### PROBLEM TO SOLVE
The listing below should be reproduced exactly, with the pictures omitted.

### DATASET EXCERPT
--- START ---

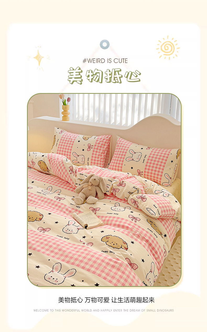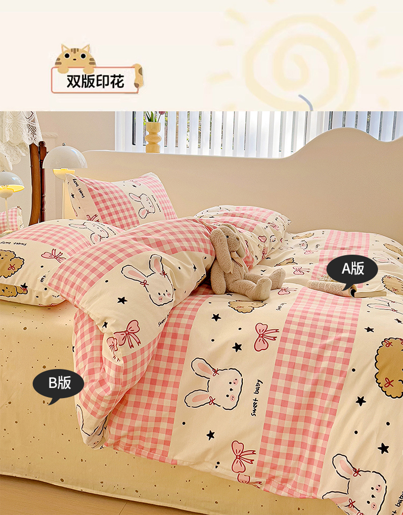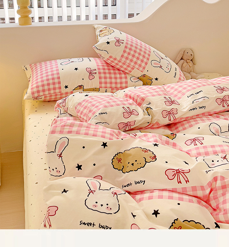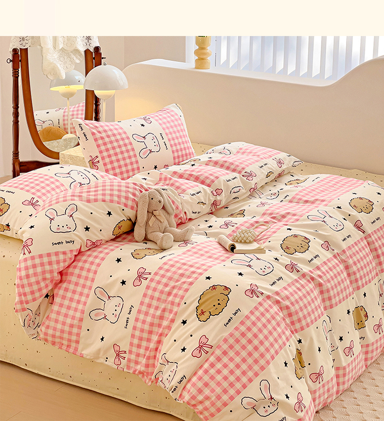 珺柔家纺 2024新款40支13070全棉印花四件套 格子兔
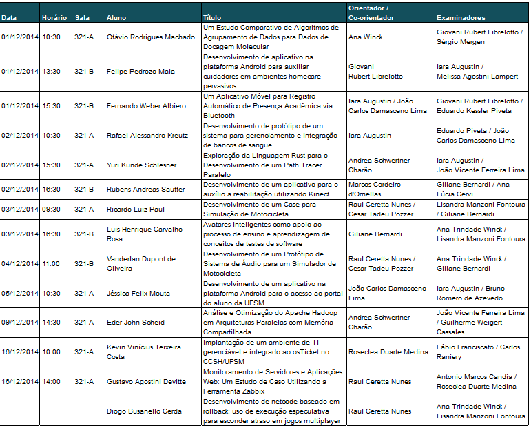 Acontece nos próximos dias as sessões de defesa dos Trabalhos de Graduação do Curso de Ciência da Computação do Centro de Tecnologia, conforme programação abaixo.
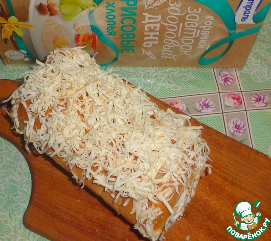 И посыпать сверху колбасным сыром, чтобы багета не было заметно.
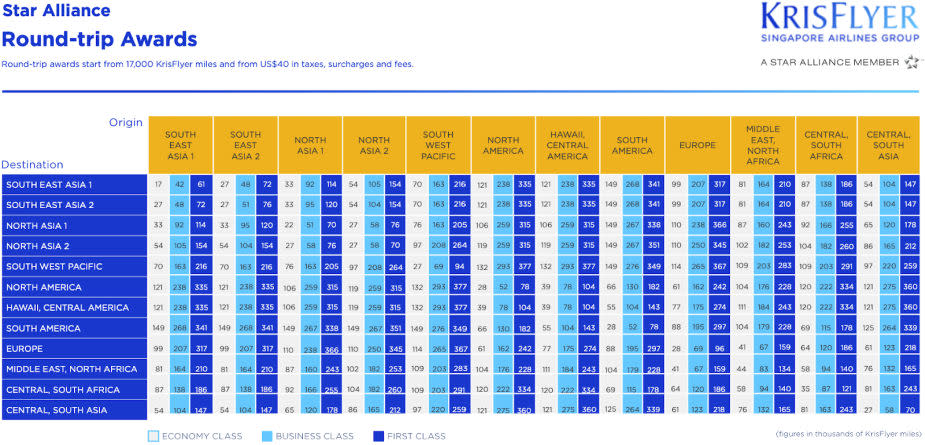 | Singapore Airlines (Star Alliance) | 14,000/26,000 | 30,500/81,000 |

--- END ---

### SOLUTION FOR THIS EXERCISE
 珺柔家纺 2024新款40支13070全棉印花四件套 格子兔
 Acontece nos próximos dias as sessões de defesa dos Trabalhos de Graduação do Curso de Ciência da Computação do Centro de Tecnologia, conforme programação abaixo.
 И посыпать сверху колбасным сыром, чтобы багета не было заметно.
 | Singapore Airlines (Star Alliance) | 14,000/26,000 | 30,500/81,000 |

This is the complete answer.